RAW DATA:

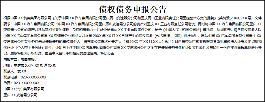 根據(jù)中國XX裝備集團有限公司《關(guān)于中國XX汽車集團有限公司重慶青山變速器分公司和重慶青山工業(yè)有限責任公司重組整合方案的批復(fù)》(兵裝發(fā)[20XX]2XX號)文件要求:中國XX汽車集團有限公司以中國XX汽車集團有限公司重慶青山變速器分公司的資產(chǎn)對重慶XX工業(yè)有限責任公司增資;同時將中國XX汽車集團有限公司重慶XX變速器分公司的資產(chǎn)以及與其相關(guān)聯(lián)的債權(quán)、負債和勞動力一并轉(zhuǎn)讓給重慶XX工業(yè)有限責任公司。結(jié)合《中華人民共和國公司法》等法律、法規(guī)規(guī)定,請各債權(quán)債務(wù)人以中國XX汽車集團有限公司重XX變速器分公司成立以來至20XX年XX月XX日所產(chǎn)生的債權(quán)債務(wù)(包括抵押、擔保)進行核對,原與中國XX汽車集團有限公司重慶XX變速器分公司有業(yè)務(wù)往來及債權(quán)債務(wù)的單位和個人,請在本公告首次刊登之日(即20XX年XX月XX日)起45日內(nèi)攜帶公司營業(yè)執(zhí)照或者事業(yè)單位法人證書及組織機構(gòu)代碼證(個人帶上身份證)原件、證明與上述中國XX汽車集團有限公司重慶XX變速器分公司之間存在債權(quán)債務(wù)關(guān)系的證明文件原件及復(fù)印件一份向接收申報單位進行登記;逾期將視為棄權(quán)處理,由當事人自行承擔相應(yīng)的法律后果。特此公告!
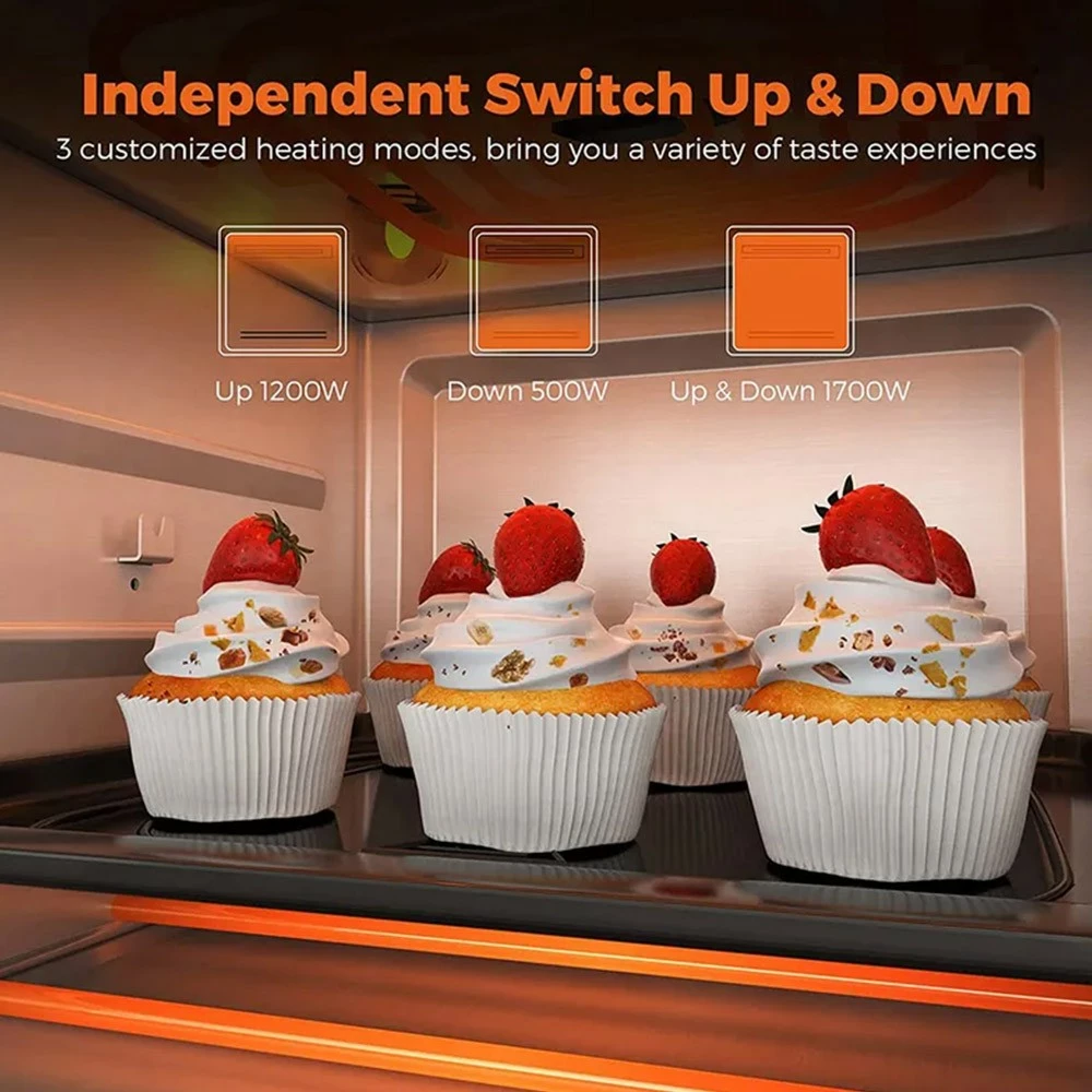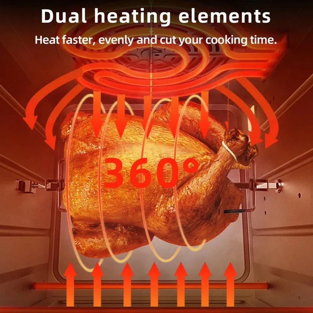 Up and down heating elements combined with 360-degree hot air circulation make the temperature up to 220 Celsius, which can cook flavorful family-friendly meals by cutting off 30% of cooking time and making the ingredients evenly with juicy crunch. In addition, the up and down heating elements can be independently switched.
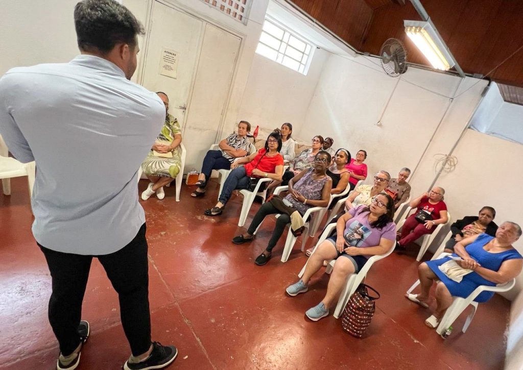 Nesta quinta-feira (4) uma turma de assistidas pela Casa da Mulher Clara Maria Haroldo Veloso participou da palestra Saúde da Mulher e Autoestima: Cuidar do Corpo, Valorizar a Vida, ministrada pelo advogado e professor de educação física, Rômulo Rosendo, no próprio equipamento localizado no Conjunto Habitacional Haroldo Veloso.
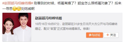 赵丽颖和冯绍峰公布结婚,不少吃瓜都吃晕了的“小呆瓜”才反应过来杨幂的老公是刘恺威,赵丽颖是和冯绍峰结的婚...
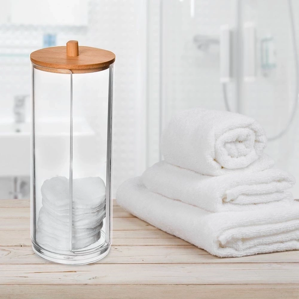- Praktyczny pojemnik na płatki kosmetyczne. Posiada pokrywkę wykonaną z drewna bambusowego. Ma wyjątkowo atrakcyjny wygląd w porównaniu do opakowań jednorazowych.
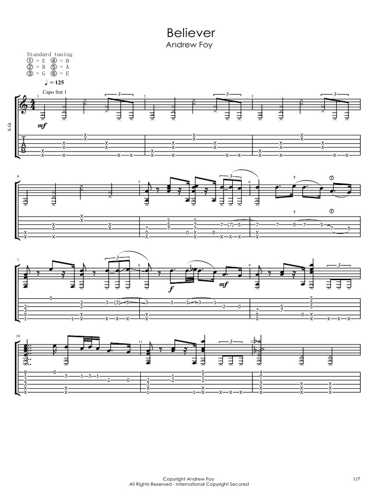 57700 views added to favorites 1150 times. Print and download Andrew Foy Believer Guitar TAB. Musicnotes features the worlds largest online digital sheet music catalogue with over 300000 arrangements available to print and play instantly.
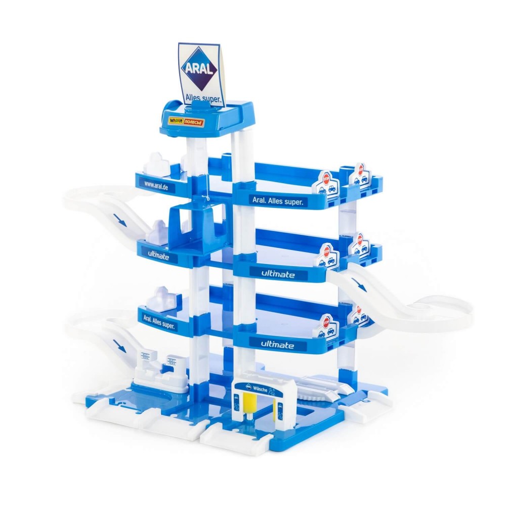 Четырехуровневый паркинг. На первом уровне паркинга расположены автомойка, автозаправка, эстакада. Для подъема на остальные уровни установлен лифт, который приводится в движение с помощью рукоятки на верхнем уровне. Автомобили в набор не входят.
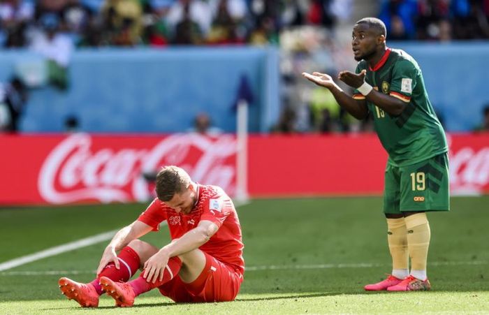 Kamerun får en siste mulighet på et frispark. Anguissa legges ned. Det er vel 30 meter til mål.
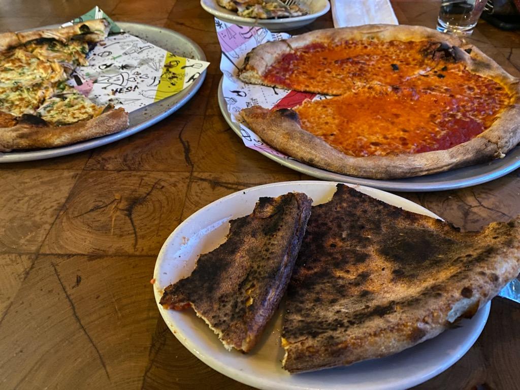 The crust is thin and cracker-like. Slightly charred from the wood-fired oven, the crust gives a slight snap when you bite into it. As you get to the back of your slice, you’re greeted by a flavorful crust that’s pretty light but did hurt my jaw as I got closer to finishing the pie. I’m not sure if that was because the crust was cooling or if my jaw was tired.

EXERCISE REQUIREMENTS: Without any pictures, write out the lines running from the one containing "Kamerun får en" through the end of the listing above, both included, exactly as given.

SOLUTION TO THIS EXERCISE:
 Kamerun får en siste mulighet på et frispark. Anguissa legges ned. Det er vel 30 meter til mål.
 The crust is thin and cracker-like. Slightly charred from the wood-fired oven, the crust gives a slight snap when you bite into it. As you get to the back of your slice, you’re greeted by a flavorful crust that’s pretty light but did hurt my jaw as I got closer to finishing the pie. I’m not sure if that was because the crust was cooling or if my jaw was tired.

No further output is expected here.